The legislation would establish a parametric program for non-damage business interruption losses. The parametric coverage would compensate businesses for a portion of 180 days’ fixed costs and payroll.

It would also provide for a pooling alternative for insurers that don’t want to directly write primary non-damage business interruption coverage.

“A forward-looking, public-private partnership like this, one supported by a federal backstop, will help businesses keep their employees on payroll and weather the storm that a public health emergency brings,” Rep. Maloney said in a statement.

The move was welcomed by the Washington-based Business Continuity Coalition which represents more than 50 policyholder groups and companies in various sectors, including risk management, hospitality, real estate, retail, film and television. It urged bipartisan support for the bill.

However, the insurance industry group the American Property Casualty Insurance Association said the legislation would add to the hardships facing many businesses as they continue to struggle to recover from the pandemic.

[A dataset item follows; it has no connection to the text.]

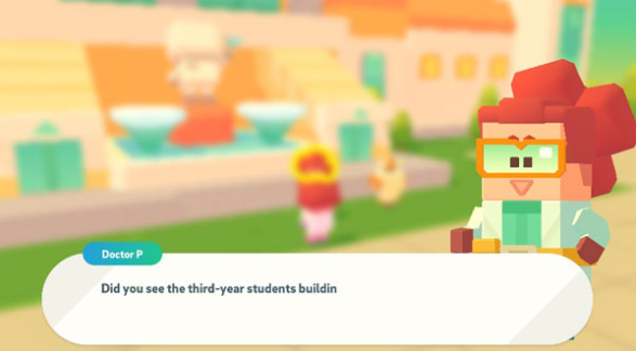 3、完成一个小建筑物之后,可以控制角色进行跑步去doctorp对话,因为此时角色还没有到达地球

“The legislation would make the business interruption insurance that countless small businesses rely upon unaffordable or unavailable by forcing insurers to include an uninsurable risk in all business interruption policies,” Nat Wienecke, APCIA senior vice president, federal government relations, said in a statement.

“Global pandemic risk, and the resulting economic harm, cannot be insured by the private market,” Mr. Wienecke said.

Like the Terrorism Risk Insurance Act that was enacted after the 9/11 terrorist attacks, under PRIA 2021, the federal government would pick up 95% of losses arising from any future pandemic that results in a public health emergency.

However, unlike TRIA, there is no “insurer deductible,” nor would there be any post-event recoupment.

Covered lines under the program would include excess insurance, workers compensation, business interruption, commercial general liability insurance and directors and officers liability insurance.

Rep. Maloney first introduced PRIA legislation in May 2020 in response to the COVID-19 pandemic.